I have no objection at all to lowering taxes or to laws and decisions being revised; what seems dangerous to me is the procedure inherent in the referendum because it is a deception.  In the state of California, as well as in Mexico, the citizens lack the willingness of the Swiss to evaluate each decision at length and discuss it with knowledge of the facts. The experience of the European nation must be understood within its context: the national government is extraordinarily weak, presidential terms last two years and citizen participation is not only committed, but also transcendental. There the referendum is not utilized as a (biased) means to decide on the continued construction of an airport without contextual information that, in addition, is a construction already underway.

The experiences of Switzerland and California illustrate the kid-glove nature –and the danger- of implanting a decision-making mechanism such as the referendum. The British themselves have not yet emerged from their astonishment at the manner in which their leave-taking from Europe was decided. That referendum ended up a Russian roulette. More to the point, while there are always opposing opinions, what we Mexicans have been able to observe since the first of July is that the polling mechanism is understood as an instrument of manipulation and legitimization and not as a means of the development of the citizenry, the improvement of democracy or the promotion of higher living standards. Under these conditions, the referendum is in the last analysis a mechanism of control and not of participation. Worse, plebiscites are divisive and what Mexico needs is a coming together.

The idea of the plebiscite or referendum is good and healthy: it derives from the supposition that the citizens, as the beneficiaries of or the payee in the result of public decisions, should have greater participation in the decision-making process regarding things that could come to affect them.  The experience is very distinct: these mechanisms wind up in the hands of politicians and the media that possess an enormous capacity to manipulate public opinion in order to legitimatize previously made decisions.
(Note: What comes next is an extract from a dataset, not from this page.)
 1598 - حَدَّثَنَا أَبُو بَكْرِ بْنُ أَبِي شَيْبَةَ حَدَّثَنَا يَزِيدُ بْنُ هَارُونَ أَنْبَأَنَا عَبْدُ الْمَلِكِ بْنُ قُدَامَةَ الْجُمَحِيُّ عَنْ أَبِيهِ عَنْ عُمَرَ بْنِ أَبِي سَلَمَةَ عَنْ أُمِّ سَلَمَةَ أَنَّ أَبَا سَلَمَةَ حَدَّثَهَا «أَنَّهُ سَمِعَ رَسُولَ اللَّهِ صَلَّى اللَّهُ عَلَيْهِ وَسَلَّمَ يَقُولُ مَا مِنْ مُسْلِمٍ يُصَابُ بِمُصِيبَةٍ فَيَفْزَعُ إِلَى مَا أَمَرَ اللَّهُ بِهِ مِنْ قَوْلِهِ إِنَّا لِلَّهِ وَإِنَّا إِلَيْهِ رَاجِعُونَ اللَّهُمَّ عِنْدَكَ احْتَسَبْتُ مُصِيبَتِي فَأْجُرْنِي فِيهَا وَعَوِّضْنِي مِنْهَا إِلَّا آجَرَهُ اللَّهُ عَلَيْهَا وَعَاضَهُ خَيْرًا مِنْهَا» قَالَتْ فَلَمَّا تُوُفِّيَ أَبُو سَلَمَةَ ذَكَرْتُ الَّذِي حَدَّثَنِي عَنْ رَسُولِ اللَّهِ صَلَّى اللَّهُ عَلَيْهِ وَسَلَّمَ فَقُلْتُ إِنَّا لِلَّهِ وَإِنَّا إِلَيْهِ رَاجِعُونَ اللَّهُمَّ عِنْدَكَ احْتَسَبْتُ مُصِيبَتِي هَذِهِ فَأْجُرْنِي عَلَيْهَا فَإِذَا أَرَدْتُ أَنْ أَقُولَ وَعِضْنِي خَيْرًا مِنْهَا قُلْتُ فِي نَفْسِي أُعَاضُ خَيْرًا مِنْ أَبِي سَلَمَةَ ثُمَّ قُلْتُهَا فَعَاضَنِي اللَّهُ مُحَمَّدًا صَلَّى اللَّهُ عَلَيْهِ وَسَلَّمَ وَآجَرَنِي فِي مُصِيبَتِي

With that rationale, a referendum in Mexico would lead to the perpetuation of a president in the government, which is, at the end of the day, the idea of revoking the mandate: that it never be revoked.

Mexican democracy is young and precarious in the extreme, in addition to that, as a county, Mexicans have not broken with the old political system based on control and manipulation. On adopting the referendum as the official mechanism, would do nothing other than consolidate, through the rear door, the post-revolutionary authoritarian regime. The legislators must recognize that they themselves would be the first to lose in such legislation, in that they would disappear as a relevant power. It is not good for anyone for the power to be in the hands of a sole individual.